Every entry below is to be copied exactly, apart from any picture it holds.

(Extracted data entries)
==================================================

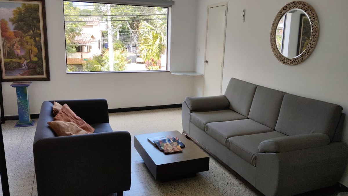 Apartamento localizado en zona céntrica de la ciudad, segura y tranquila. Esta cerca de vías principales, supermercados y de la Carrera 70 donde podrás encontrar buenos restaurantes y centros nocturnos cerca. Fácil acceso a rutas de transporte publico. Apto de 2 niveles Comodidades: • Habitación: • Cama King • TV con Netflix • Area de trabajo • Baño con agua caliente • Cocina completamente equipada con nevera • Zona de ropas con lavadora • Wifi 350Mb • Sofacama • Balcón
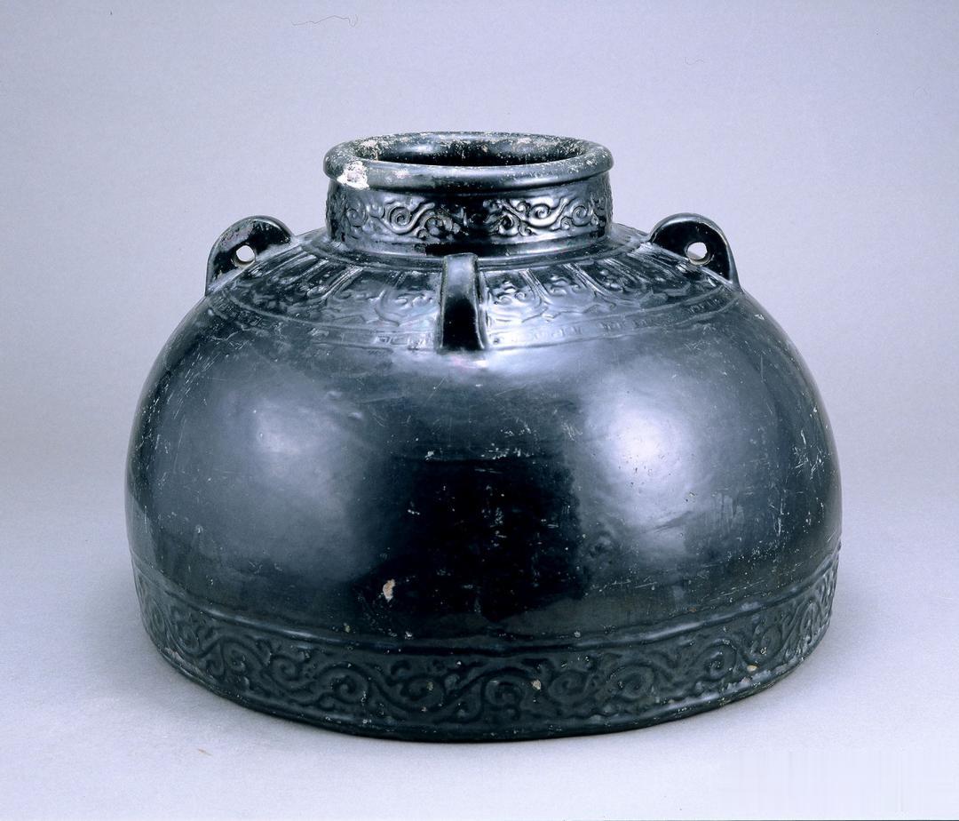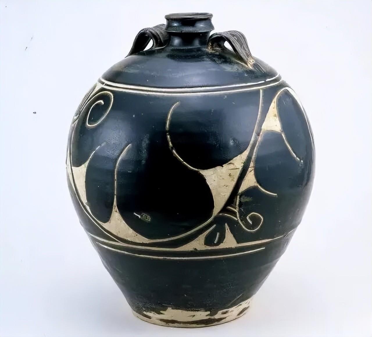 明永乐黑釉刻花四系罐,长47.5厘米、宽18厘米、高12.5厘米,直口束颈,颈短小,翻沿圆唇,丰肩鼓腹,平底,口小底大,器形如大圆罐上半部。肩部安四耳,每耳各有一圆孔。粗壮厚实,底部外沿布满一周凸起的乳钉,在颈部及罐底边沿饰一周模印的卷草纹,外加两道凸起粗壮的绳纹,肩部有模印覆莲瓣花纹一周,花纹长短适度,圆浑有力。通身施黑釉,釉厚,釉面光润,乌黑发亮,犹如漆器。胎质坚硬致密,色灰黑。此器形规整,体宽厚重结实,造型罕见。
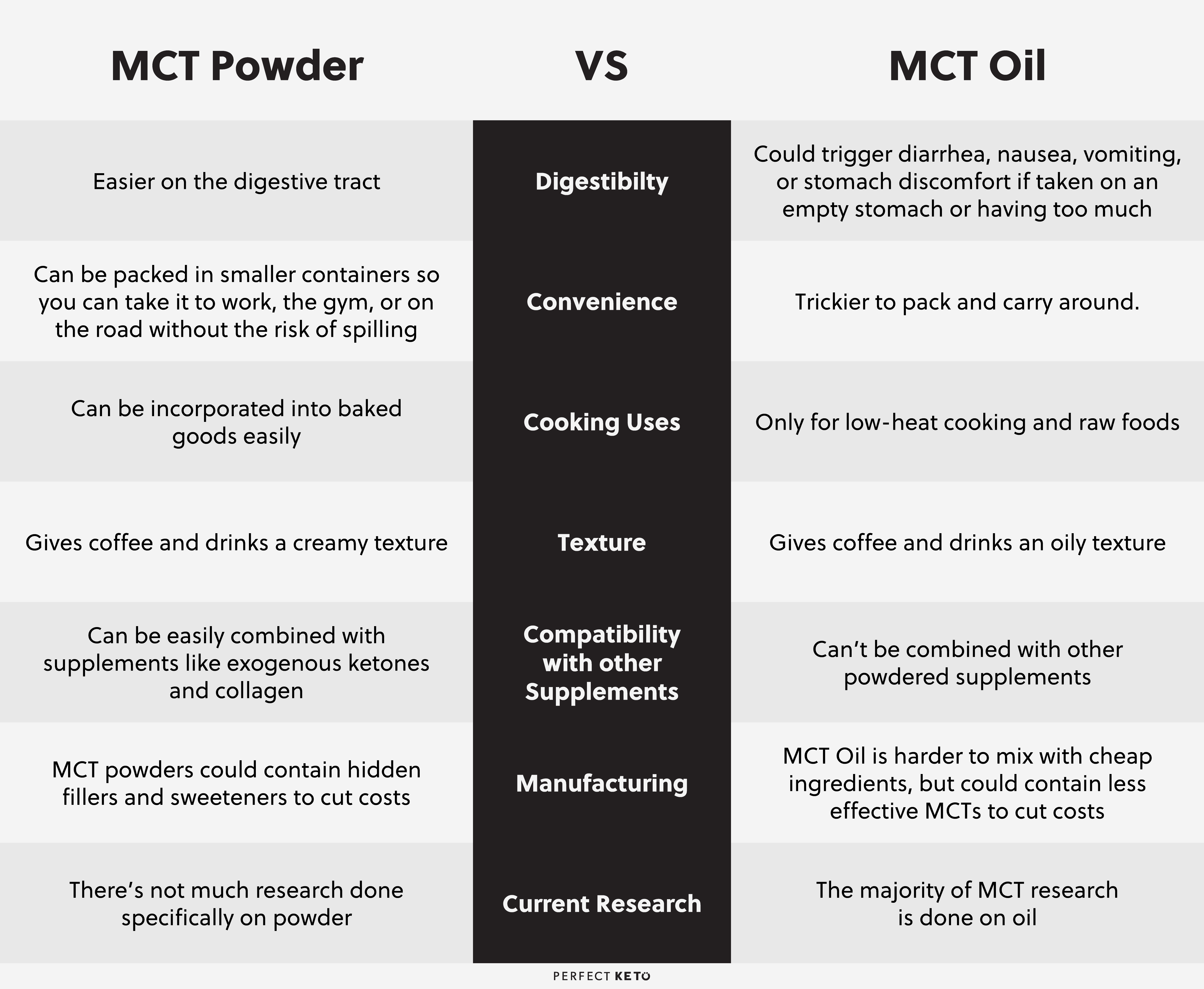 To learn about the differences between these two keto supplements, check out this handy chart for a quick review:
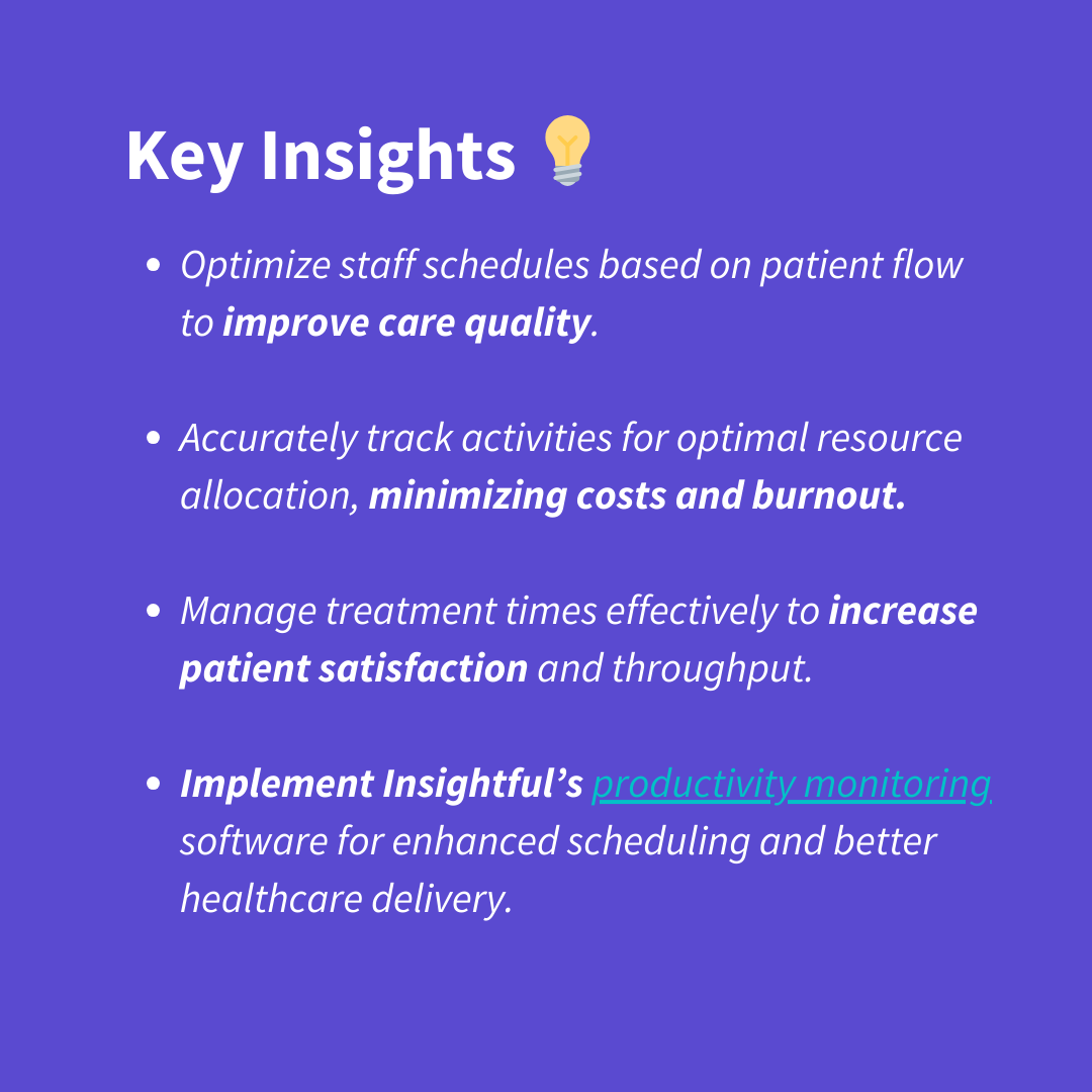 - Mejora de la asignación de recursos y la gestión del personal: Los análisis de Insightful ayudan a ajustar el despliegue de personal y recursos, garantizando que la atención al paciente sea eficaz y eficiente, maximizando la utilización de los recursos sin comprometer la calidad del servicio.
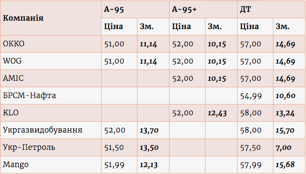В частности, на WOG и ОККО бензины марок А-95 и А95+ подорожали на 11,14 и 10,15 грн/л, до 51,00 грн/л и 52 00 грн/л соответственно. Дизельное горючее в этих сетях подорожало на 14,69 грн/л, до 57 грн/л.
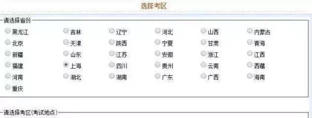 第5步:选择对应的考区,以及考试阶段,大部分考生是选择内地考生专业阶段报名。第6步:选择“省份”和“考区”!
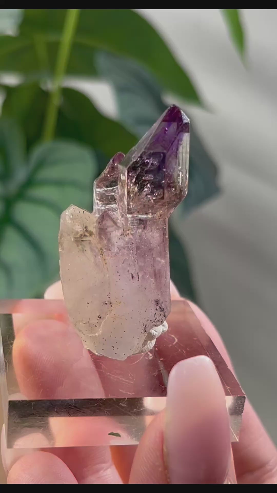 This dreamy Shangaan scepter has everythingβ€”deep amethyst tips, soft smoky body, and a gorgeous scepter formation that feels so regal.Β You’ll spot sparkly red hematite scattered throughout, and it has 2+ enhydros sealed inside.Β

==================================================

Problem solution:
 Apartamento localizado en zona céntrica de la ciudad, segura y tranquila. Esta cerca de vías principales, supermercados y de la Carrera 70 donde podrás encontrar buenos restaurantes y centros nocturnos cerca. Fácil acceso a rutas de transporte publico. Apto de 2 niveles Comodidades: • Habitación: • Cama King • TV con Netflix • Area de trabajo • Baño con agua caliente • Cocina completamente equipada con nevera • Zona de ropas con lavadora • Wifi 350Mb • Sofacama • Balcón
 明永乐黑釉刻花四系罐,长47.5厘米、宽18厘米、高12.5厘米,直口束颈,颈短小,翻沿圆唇,丰肩鼓腹,平底,口小底大,器形如大圆罐上半部。肩部安四耳,每耳各有一圆孔。粗壮厚实,底部外沿布满一周凸起的乳钉,在颈部及罐底边沿饰一周模印的卷草纹,外加两道凸起粗壮的绳纹,肩部有模印覆莲瓣花纹一周,花纹长短适度,圆浑有力。通身施黑釉,釉厚,釉面光润,乌黑发亮,犹如漆器。胎质坚硬致密,色灰黑。此器形规整,体宽厚重结实,造型罕见。
 To learn about the differences between these two keto supplements, check out this handy chart for a quick review:
 - Mejora de la asignación de recursos y la gestión del personal: Los análisis de Insightful ayudan a ajustar el despliegue de personal y recursos, garantizando que la atención al paciente sea eficaz y eficiente, maximizando la utilización de los recursos sin comprometer la calidad del servicio.
В частности, на WOG и ОККО бензины марок А-95 и А95+ подорожали на 11,14 и 10,15 грн/л, до 51,00 грн/л и 52 00 грн/л соответственно. Дизельное горючее в этих сетях подорожало на 14,69 грн/л, до 57 грн/л.
 第5步:选择对应的考区,以及考试阶段,大部分考生是选择内地考生专业阶段报名。第6步:选择“省份”和“考区”!
 This dreamy Shangaan scepter has everythingβ€”deep amethyst tips, soft smoky body, and a gorgeous scepter formation that feels so regal.Β You’ll spot sparkly red hematite scattered throughout, and it has 2+ enhydros sealed inside.Β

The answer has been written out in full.